We selected a calculating method similar to that of Johannes et al. [8], in which adjacent and nonadjacent segments were divided, because the total number of adjacent vertebrae generated by first time fracture is relatively small compared with that of distant levels. As a result, only simply computing the incidence of adjacent refractures by dividing the sum number of new OVCFs cannot reflect the condition practically. However, if count the refracture incidence by simply calculating the patient number, the above two therapeutics could bring out similar results.

Some issues remain unanswered even in the current study. We discussed the effects of PVP/PKP and conservative therapy only clinically, not biomechanically, and long-term effects are still unknown. Furthermore, whether resort to cement injection or let it alone in terms of sandwich situation is not known. Therefore, further research using larger patient populations and in vitro experiment may help to resolve the unclear results concerning this study. Moreover, the results of this study need to be confirmed by additional high-quality RCT clinical studies.

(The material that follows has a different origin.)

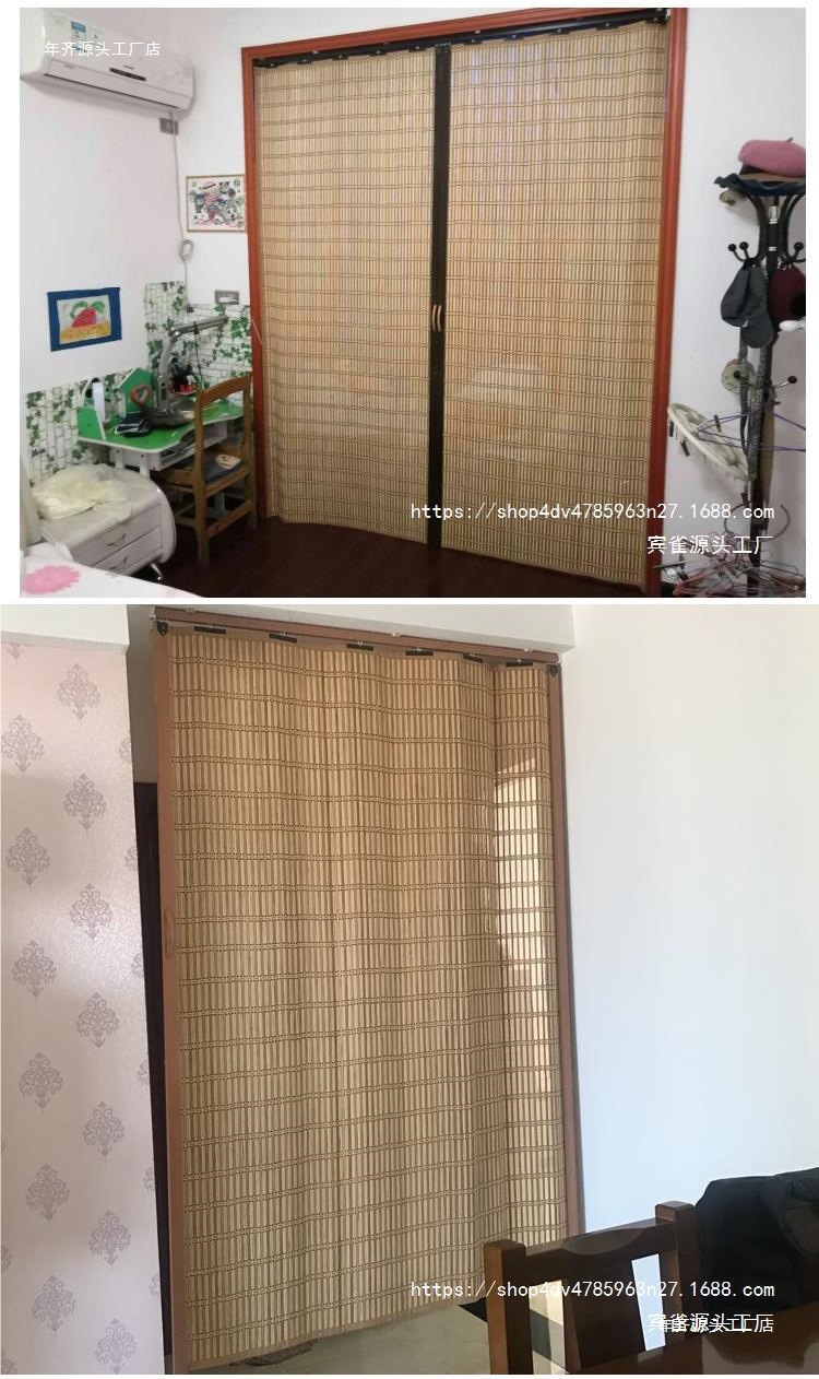 대나무 접이식 슬라이딩 도어 및 창 커튼, 칸막이 커튼, 도어 커튼, 보이지 않는 도어, 간단한 접이식 차광 천 차양

From most data reported in the literatures, the risk of experiencing new OVCFs increased after PVP/PKP. However, in this prospective study, compared with conservative therapy, patients who had experienced PVP/PKP were not associated with an increased risk of recompression in new levels with a mean 49.4-month follow-up period. But one point that new OVCFs occurred sooner after cement injection than that after conservative treatment must be taken into consideration. The presence of sandwich situation is not associated with an increased secondary fracture rate and no interrelated factor has been confirmed to be influential ingredient for subsequent fractures. Existing fractures are strong independent predictors of the risk of future vertebral fractures so we tend to believe that it is more of a natural process other than induced by PVP/PKP.